For the appellant was Mr. M. J. T. Ngalo, learned advocate, who filed five grounds
of appeal but argued them together because, as he said, they all attack the reliance on the confessions. Mr. Ngalo conceded that
the admission of the cautioned statement was objected to in the preliminary hearing but not at the trial nevertheless, he submitted,
there ought to have been a trial within a trial. The learned advocate queried why Dotto, who was arrested after being mentioned by
the appellant, was recorded before the appellant. He pointed out further that Dotto in his extra-judicial statement (Exh P5) did
not mention the appellant at all and that Dotto named one Said as the one who was cut at the wrist by the deceased. Mr. Ngalo contended
that Exh P5 differs materially from Exh P3, Dottofs caution statement.
On behalf of the respondent/Republic was Mr. William Magoma, the learned State Attorney,
who said that the sequence in which statements were taken is not of significance. He submitted that there was no need of a trial
within a trial as there was no objection from the learned defence counsel to the admission of the statements.
We agree with Mr. Magoma that a trial within a trial was not necessary. That is done
only if there is an objection to the admission of a statement on the ground that it was not freely given. Here there was none. Again
for the issue of the admission of the extra-judicial statements, which had not been tendered at the preliminary hearing, we are of
the considered opinion that the defence counsel did not object to that. Apart from that there is nothing in section 192 of the Criminal
Procedure Act, 1985, which provides for preliminary hearing, prohibiting the admission of a document which was not referred to at
the preliminary hearing.
We are satisfied that the appellant was arrested because of the cut wound on his
left wrist. He has three versions of how he came to sustain that injury: The first is his cautioned statement, Exh P4:
Naliwaeleza kuwa nimelipata jeraha hilo baada ya kukatwa na marehemu ambae tumemuua huko kambini c nilikatwa na marehemu wakati
nilipotaka kumnyangfanya baiskeli yake.
This is a clear confession.
The second version is his extra-judicial statement, Exh P6:
Nilikuwa natoka kusaga muda kama saa sita nilienda kama urefu wa heka nane hivi hamadi nikashituka nakatwa na panga na marehemu mkononi.
Mimi nikaanza kukimbia.
He claims that he was attacked by the deceased for no reason at all.

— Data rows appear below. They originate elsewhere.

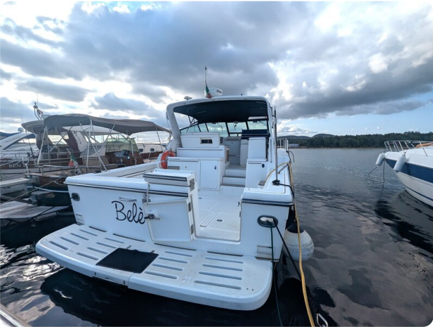
Tiara 4100 Open aft view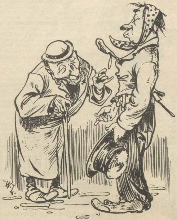
Angebettelter: „Ich gebe nichts, wir drei Miether haben es so verabredet.“ Bettler: „Da sind Sie auch ein schlechter Diplomat, wissen Sie denn nicht, daß ein Dreibund noch lange kein Treubund ist? Bitte!“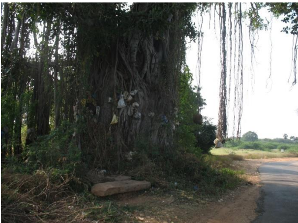
Foto 3125 bomen met luchtwortels

We hebben ook de drie geselecteerde aannemers uitgenodigd te komen om de situatie te kennen. Het blijkt dat één aannemer al tekeningen heeft gemaakt, wat z'n goede en kwade kant heeft. Goed is het tijdig te zien dat onze tekeningen niet bruikbaar zijn omdat voor een college

The last version is his testimony in court that gI sustained the cut wound
during the Police tortures.h Here he completely distances himself from having anything to do with the deceased. However, the
Justice of Peace, PW 4, in cross-examination, was emphatic that the appellant, unlike Dotto, did not complain of Police torture at
all.
It is abundantly clear to us that the appellant is an unabashed liar: his three stands
are completely irreconcilable. He claims in Exh P6 that he was attacked by the deceased. Yet in court he said that he did not know
the deceased at all. How then did he know that he was attacked by the deceased?
Lies of an accused person, appellant here, may corroborate the prosecution case.
That was held to be so in a Zanzibar case of Kombo bin Khamis v. The Crown 8 ZLR 122. RUBAMA, J. was of the same opinion in Salum Yusuf Lilundi v. R, Criminal Appeal No. 26 of 1984, Mtwara Registry (unreported). There three persons were accused of theft, two of them confessed while
the third, a watchman, denied even being on duty on the material night while in fact he was. His lies were held to corroborate the
confessions of the other two.
The appellant in Exh P6 owns to have met the deceased on the fateful day but accidentally.
However, we are convinced that he gave the circumstances under which they had this encounter in Exh P4, the cautioned statement,
which is so detailed that the story cannot but be true.
For avoidance of doubt, we must state here that we are not putting the burden of
proof on the appellant. But this is one of the cases where a person has been killed, and there is no question about it, and the only
witnesses are the accused persons. All that the prosecution can do is to bring witnesses who would tell the court that the accused
persons have made confessions before them. The court would then have to scrutinize those confessions very closely.
This is in line with the amendment in the Criminal Procedure Act, 1985 which now
permits the court to draw adverse inference against an accused person who decides to keep quiet. Section 293 (3) provides:
(3) If the accused person, after he has been informed in terms of subsection (2), elects to remain silent the court shall be entitled
to draw an adverse inference against him and the court as well as the prosecution shall be entitled to comment on the failure by
the accused to give evidence.
We are of the decided opinion that what we have said and done here are pertinent
in the interest of justice. We, therefore, dismiss the appeal.
DATED at DAR ES SALAAM this 02 day of September, 2005.